Bitfarms Stock Plummets 18% After Mining Operations Wind Down
Full Transcript
Bitfarms stock has plummeted by 18% following the company's announcement to wind down its Bitcoin mining operations over the next two years. The decision marks a significant pivot as Bitfarms plans to convert its 18-megawatt Bitcoin mining site in Washington State into artificial intelligence and high-compute data centers, with completion expected by December 2026.
CEO Ben Gagnon stated that despite this site representing less than 1% of their total developable portfolio, the conversion to GPU-as-a-Service could potentially generate more net operating income than the company has ever seen from Bitcoin mining.
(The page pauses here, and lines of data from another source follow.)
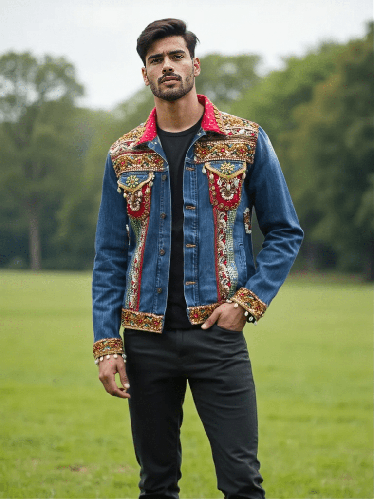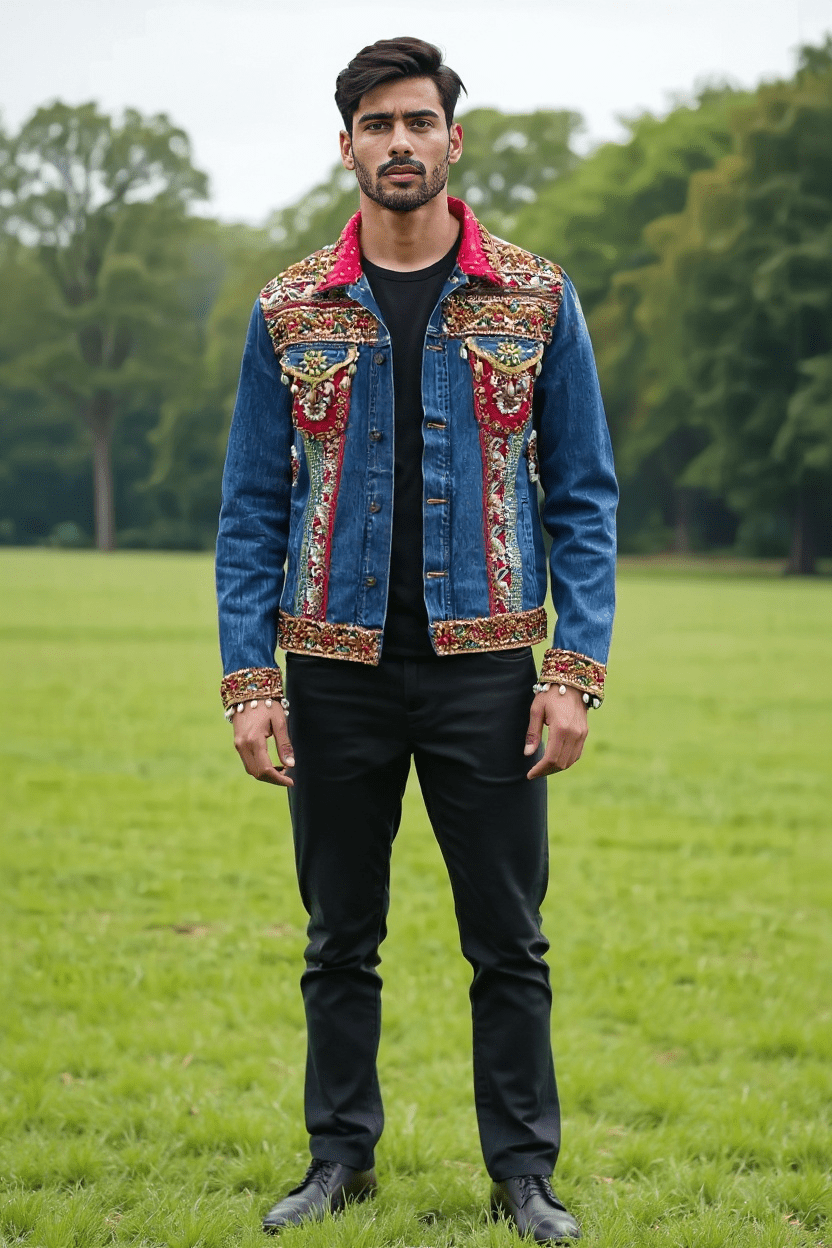 Elevate your wardrobe with this Royal Embellished Denim Jacket, a striking blend of rugged denim and intricate Indian craftsmanship. Adorned with hand embroidery, mirror work, bead accents, and vibrant red patchwork panels, this jacket embodies luxury and cultural heritage in a modern silhouette. Designed for the bold and stylish man who isn’t afraid to stand out.
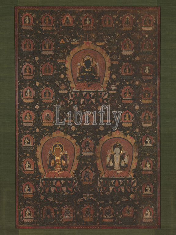 明, 佚名, 釋教三尊曼陀羅圬軸, Mandala, Vajradhara, Manjushri, Sadakshari -Lokeshvara, Ming dynasty, 1368–1644, dated 1479, China, Tangka, ink, opaque watercolor, gold, Image, 58 x 37 1/2, 147.3 95.3 cm, Paintings, Unidentified Artist, Tibetan, branch, Esoteric Buddhism, introduced, Mongol Yuan, dynasty, 1279–1368, continued, patronized, early Ming, emperors, fifteenth century, significant community, Tibetan lamas, remained, active, Beijing, site, former Mongol, capital, city, Dadu, 1402, principal
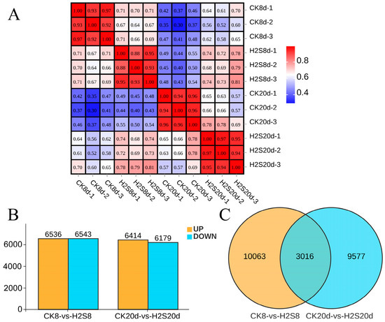 A heatmap of 12 samples is shown in Figure 6A. The Pearson correlation coefficient between the samples is greater than 0.8, indicating good reproducibility of the correlations among the samples. A total of 13,079 and 12,593 DEGs were obtained for CK 8 d-VS-H2S 8 d and CK 20 d-VS-H2S 20 d (Figure 6B). Compared to the control group, there were 6536 DEGs were up-regulated, 6543 DEGs were down-regulated in the H2S-treated group at day 8, 6414 DEGs were up-regulated, and 6179 DEGs were down-regulated at 20 d of storage. From the Venn diagram (Figure 6C), there were 3016 common DEGs shared between CK 8 d-VS-H2S 8 d and CK 20 d-VS-H2S 20 d.

Gagnon also highlighted the trend among cryptocurrency miners moving towards AI, indicating that many are likely to transition to lower-cost jurisdictions as mining difficulty and costs increase. He pointed out that public miners account for nearly a third of the Bitcoin network and are keen on pursuing higher economics associated with high-performance computing and AI.
Gagnon emphasized that the U.S. is an optimal market for investing in HPC and AI, in contrast to Bitcoin mining, which can operate in various locations. The company reported a net loss of $46 million in Q3, a significant increase from the $24 million loss reported a year ago, translating to a loss of 8 cents per share, which was below analyst expectations of a 2-cent per share loss.
Although Bitfarms' revenue surged by 156% year-over-year to $69 million, it still fell short of analyst estimates by over 16%. The report also indicated that Bitfarms mined 520 Bitcoins at an average cost of $48,200 each, and the company held 1,827 Bitcoins as of the reporting date.
Following these disappointing results, shares closed down nearly 18% at $2.60, and additional losses continued into after-hours trading, dropping another 3.5% to $2.51. These developments illustrate the broader struggles faced by cryptocurrency miners and their impact on stock performances as the industry evolves.